NintendoSwitch può riportare i third party da Nintendo? 

Senza "gimmick", Nintendo Switch potrebbe riportare gli sviluppatori third party a casa

Il trailer è stato pubblicato e siamo finalmente in grado di parlare di Nintendo Switch con un minimo di cognizione, anche se la compagnia ha già riferito di non aver intenzione di approfondire l'argomento fino al 2017 e i dati su cui ragionare sono ancora troppo pochi. Switch può riportare i third party da Nintendo? In ogni caso, risulta evidente da quanto mostrato che la casa di Kyoto ha deciso di abbandonare l'idea del gimmick tecnologico caratteristico - comune a Wii, Wii U e anche ai portatili dal DS in poi - per tornare a una forma console più tradizionale. O meglio, il gimmick c'è ma in questo caso sembra più concettuale, inteso come modo particolare di fruire contenuti videoludici che comunque dovrebbero afferire maggiormente alla tradizione classica, senza una soluzione tecnologica (di visualizzazione, controllo o interfaccia) che rappresenti una visione totalizzante del gameplay sulla console, com'era il Telecomando per Wii o come doveva essere (anche se alla prova dei fatti si è dimostrato meno sfruttato) il GamePad di Wii U.

Nintendo Switch da questo punto di vista è più tradizionalista, trasferendo la sua carica innovativa sui contesti in cui è possibile giocare, portandosi il gameplay classico in giro per il mondo ed estraendo il multiplayer alla bisogna in qualsiasi situazione. Switch può riportare i third party da Nintendo? La partita, anche qui, si giocherà tutta sulla comunicazione, sulla capacità di Nintendo di dimostrare come questa portabilità del gameplay possa rappresentare l'elemento vincente della nuova console rispetto alla concorrenza, oltre ovviamente alla potenza di fuoco offerta dai titoli first party, ma già questa scelta porta a varie considerazioni. L'assenza di un gimmick vero e proprio, per esempio, oltre a un hardware più semplice da programmare e forse più simile alla concorrenza, può riportare i third party in massa da Nintendo e questo rappresenterebbe un elemento chiave nella capacità di Switch di imporsi sul mercato.

Già nel trailer di presentazione, oltre agli immancabili Mario e Zelda, sono visibili diversi titoli third party, come a confermare la volontà di rientrare maggiormente negli schemi dell'offerta videoludica attuale. Switch può riportare i third party da Nintendo? Nonostante qualcuno si sia affrettato a rettificare il fatto che tali giochi non siano stati effettivamente annunciati in maniera ufficiale, è chiaro che l'idea sia di offrire un tipo di prodotto più in linea con la concorrenza in termini di catalogo titoli, con in più la possibilità di essere trasportato e fruito in multiplayer in qualsiasi momento.

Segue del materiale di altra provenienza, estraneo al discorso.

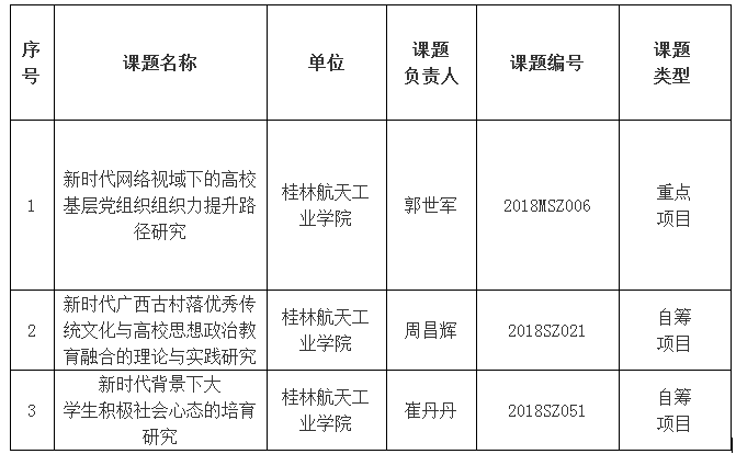 附:2018年广西高校大学生思想政治教育理论与实践研究课题立项表

I giochi first party rappresenteranno sempre l'elemento distintivo di una console Nintendo, ma assodato come non si possa fare a meno del supporto esterno, Switch potrebbe rappresentare un riallineamento della casa di Kyoto su un piano pienamente concorrenziale. Switch può riportare i third party da Nintendo? Non per nulla, una delle prime immagini diffuse con il presskit ufficiale presenta un vasto elenco di team di sviluppo e publisher che hanno già assicurato il supporto alla nuova console, e tra questi si trova veramente di tutto tra software house occidentali e orientali. È vero che anche nei primi tempi di Wii U c'era stata questa spinta espansiva verso i third party, ma in quel caso i limiti posti da una progettazione dell'hardware così spinta verso obiettivi diversi dalla concorrenza avevano presto spaventato tutti, e una volta che la console aveva dimostrato di non riuscire a ripetere i risultati di Wii il fuggi-fuggi è stato evidente.

Nintendo Switch sembra progettato con l'idea di offrire soluzioni più pratiche e ampie, mentre la grande scalabilità che Nvidia ha assicurato per il suo hardware e le API a corredo pare suggerire la possibilità di unificare veramente, in un'unica piattaforma, le produzioni che finora si erano scisse tra le console portatili e fisse di Nintendo, portando potenzialmente a un'enorme ricchezza in termini di generi, gusti e soluzioni di gioco possibili.